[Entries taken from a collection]
· · ·
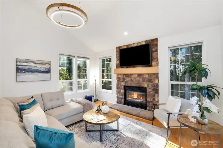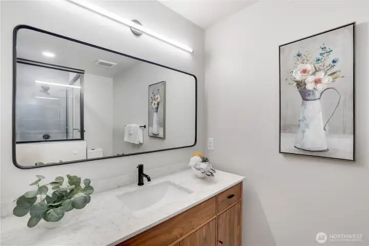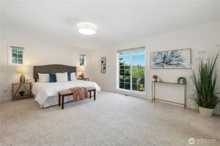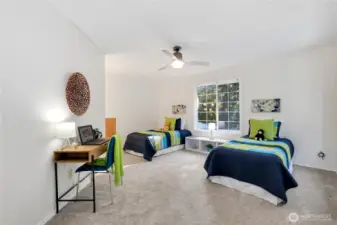 Quality-built 4BD/3BA home in desirable Honey Creek on a quiet cul-de-sac with a private, park-like setting. Features a welcoming entry, formal living/dining, spacious family room perfect for entertaining, and main-level den plus a bedroom with full bath—ideal for guests or extended living. Kitchen with quartz counters and newer appliances, including induction cooktop. The large fenced backyard backs up to green space to make for a private outdoor retreat. Recent updates: new roof, interior paint, furnace, AC, water heater, sealed ducting, and fully remodeled primary and guest baths. 3-car garage, extra parking. Great location near Coal Creek, trails, golf, shopping, dining, and easy access to I-405, I-90, Bellevue, and Seattle.
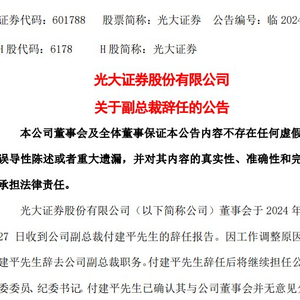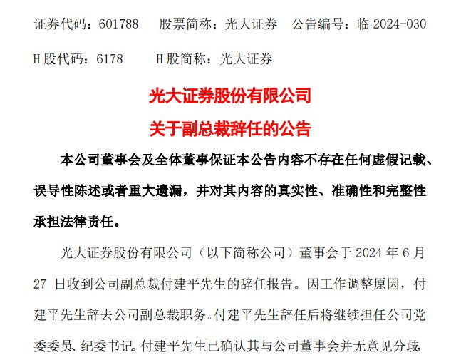 光大证券发布公告称,董事会于2024年6月27日收到副总裁付建平的辞任报告。因工作调整原因,付建平辞去公司副总裁职务。付建平辞任后将继续担任公司党委委员、纪委书记。
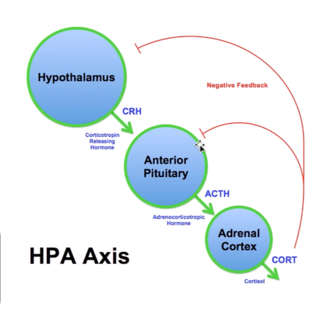 describe the mechanism of HPA axis (hypothalamus-pit-adrenal axis):
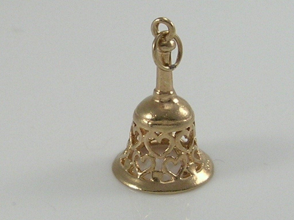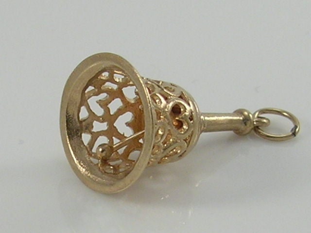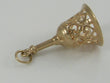 Vintage 3D 9ct gold ornate openwork heart design hand bell charm pendant...movable clapper inside the bell
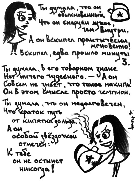 Ты думала, что он – обыкновенный:Что он снаружи лучше, чем внутри.А он вскипел практически мгновенно!Вскипел, едва прошло минуты три.Ты думала, в его товарном знакеНет ничего чудесного. – А онСовсем не знает, что такое накипь!Он в этом смысле просто чемпион.Ты думала, что он недолговечен,Что краток путь от кипятка до льда. —А он особой звездочкой отмечен:К тебе он не остынет никогда!_______________«Ах, если б чувств и мыслей тишь…»
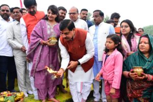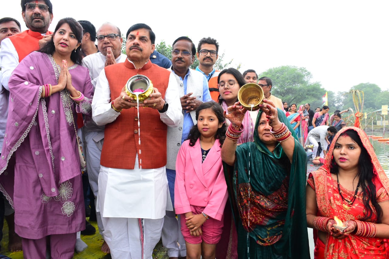उज्जैन,आस्था,पवित्रता व सूर्य उपासना का महापर्व छठ पूजा पर मंगलवार को मध्य प्रदेश शासन के मुख्यमंत्री डॉ मोहन यादव जी द्वारा विक्रम सरोवर पर पूजा करते हुए उगते सूरज को अर्घ्य दिया गया, नगर निगम उज्जैन द्वारा विक्रम सरोवर पर छठ पूजा को ध्यान में रखते हुए विशेष रूप से व्यवस्था की गई पूजा करने हेतु आने वाले श्रद्धालु उक्त व्यवस्था से खुश नजर आए!
· · ·
:: EXERCISE INSTRUCTIONS ::
What is needed is an exact output of the records above, with every picture left out.

:: EXERCISE SOLUTION ::
 Quality-built 4BD/3BA home in desirable Honey Creek on a quiet cul-de-sac with a private, park-like setting. Features a welcoming entry, formal living/dining, spacious family room perfect for entertaining, and main-level den plus a bedroom with full bath—ideal for guests or extended living. Kitchen with quartz counters and newer appliances, including induction cooktop. The large fenced backyard backs up to green space to make for a private outdoor retreat. Recent updates: new roof, interior paint, furnace, AC, water heater, sealed ducting, and fully remodeled primary and guest baths. 3-car garage, extra parking. Great location near Coal Creek, trails, golf, shopping, dining, and easy access to I-405, I-90, Bellevue, and Seattle.
 光大证券发布公告称,董事会于2024年6月27日收到副总裁付建平的辞任报告。因工作调整原因,付建平辞去公司副总裁职务。付建平辞任后将继续担任公司党委委员、纪委书记。
 describe the mechanism of HPA axis (hypothalamus-pit-adrenal axis):
 Vintage 3D 9ct gold ornate openwork heart design hand bell charm pendant...movable clapper inside the bell
 Ты думала, что он – обыкновенный:Что он снаружи лучше, чем внутри.А он вскипел практически мгновенно!Вскипел, едва прошло минуты три.Ты думала, в его товарном знакеНет ничего чудесного. – А онСовсем не знает, что такое накипь!Он в этом смысле просто чемпион.Ты думала, что он недолговечен,Что краток путь от кипятка до льда. —А он особой звездочкой отмечен:К тебе он не остынет никогда!_______________«Ах, если б чувств и мыслей тишь…»
उज्जैन,आस्था,पवित्रता व सूर्य उपासना का महापर्व छठ पूजा पर मंगलवार को मध्य प्रदेश शासन के मुख्यमंत्री डॉ मोहन यादव जी द्वारा विक्रम सरोवर पर पूजा करते हुए उगते सूरज को अर्घ्य दिया गया, नगर निगम उज्जैन द्वारा विक्रम सरोवर पर छठ पूजा को ध्यान में रखते हुए विशेष रूप से व्यवस्था की गई पूजा करने हेतु आने वाले श्रद्धालु उक्त व्यवस्था से खुश नजर आए!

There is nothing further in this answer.